The adherence to the uniform among managers in the second half of the 20th century leads some people to think that MLB mandates it, but a look through the official major league rules [PDF] doesn’t turn up much on a manager’s dress. Rule 1.11(a) (1) says that “All players on a team shall wear uniforms identical in color, trim and style, and all players’ uniforms shall include minimal six-inch numbers on their backs" and rule 2.00 states that a coach is a "team member in uniform appointed by the manager to perform such duties as the manager may designate, such as but not limited to acting as base coach."

While Rule 2.00 gives a rundown of the manager’s role and some rules that apply to them, it doesn’t specify that they’re uniformed. Further down, Rule 3.15 says that "No person shall be allowed on the playing field during a game except players and coaches in uniform, managers, news photographers authorized by the home team, umpires, officers of the law in uniform and watchmen or other employees of the home club." Again, nothing about the managers being uniformed.

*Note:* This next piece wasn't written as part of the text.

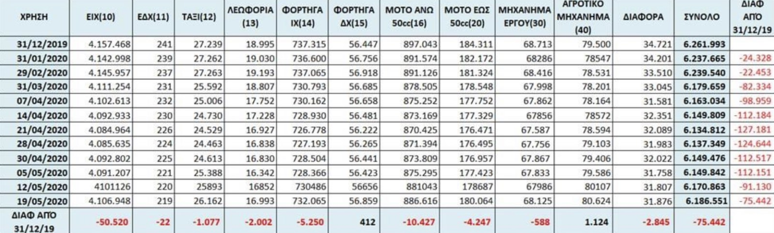 Παρά τη θετική κίνηση που καταγράφεται συνολικά από τις 31/12/2019 ο Κλάδος τον Μάιο καταγράφει απώλειες 75.442 οχημάτων.

All that said, Rule 2.00 defines the bench or dugout as “the seating facilities reserved for players, substitutes and other team members in uniform when they are not actively engaged on the playing field," and makes no exceptions for managers or anyone else. While the managers’ duds are never addressed anywhere else, this definition does seem to necessitate, in a roundabout way, that managers wear a uniform—at least if they want to have access to the dugout. And, really, where else would they sit?